The UN Human Rights Council is as anti-Israel as its predecessor, the UN Commission on Human Rights. It protects dictatorships while focusing disproportionate attention and outrage on Israel’s alleged human rights violations. So in 2012, when Israel announced a boycott of the Council over the one-sided inquiry into Israeli settlements, it was a move that many Israelis, and many critics of the Council, felt was long overdue.
Israel’s return to cooperation comes as the Council will review Israel’s human rights record this week. The decision is partly the result of pressure from the international community–particularly, though not exclusively, from the Obama administration. Yet it is also the result of negotiations with other Western nations that secured Israel what one official called “appropriate recompense,” according to Ha’aretz.
Israel secured two concessions in return. One was to limit “Item 7” in the Council’s framework, a one-sided mandate to investigate “[h]uman rights violations and implications of the Israeli occupation of Palestine and other occupied Arab territories.” The other was that the Western European and Others Group would consider including Israel. Currently, Israel is the only UN member state excluded from a regional group.

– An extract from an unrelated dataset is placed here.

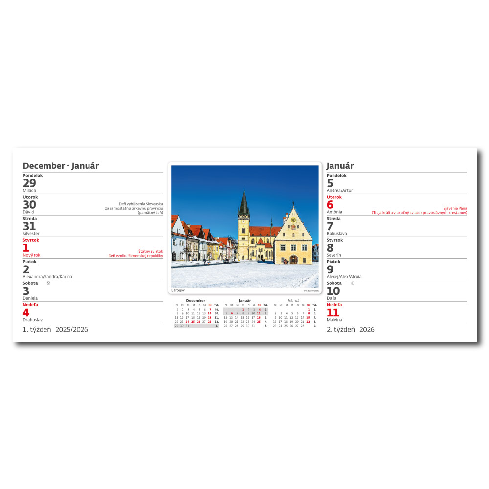 Kalendarz biurkowy 2026 - Miasta Słowacji

The Obama administration views participation in the Council as an important part of its foreign policy, after the Bush administration stayed away, citing the Council’s anti-Israel (and anti-Western) bias. Though the Council’s deliberations have produced little of value for Americans–aside from a self-flagellating report on U.S. human rights abuses, including Arizona’s immigration law–Obama remains committed to the Council.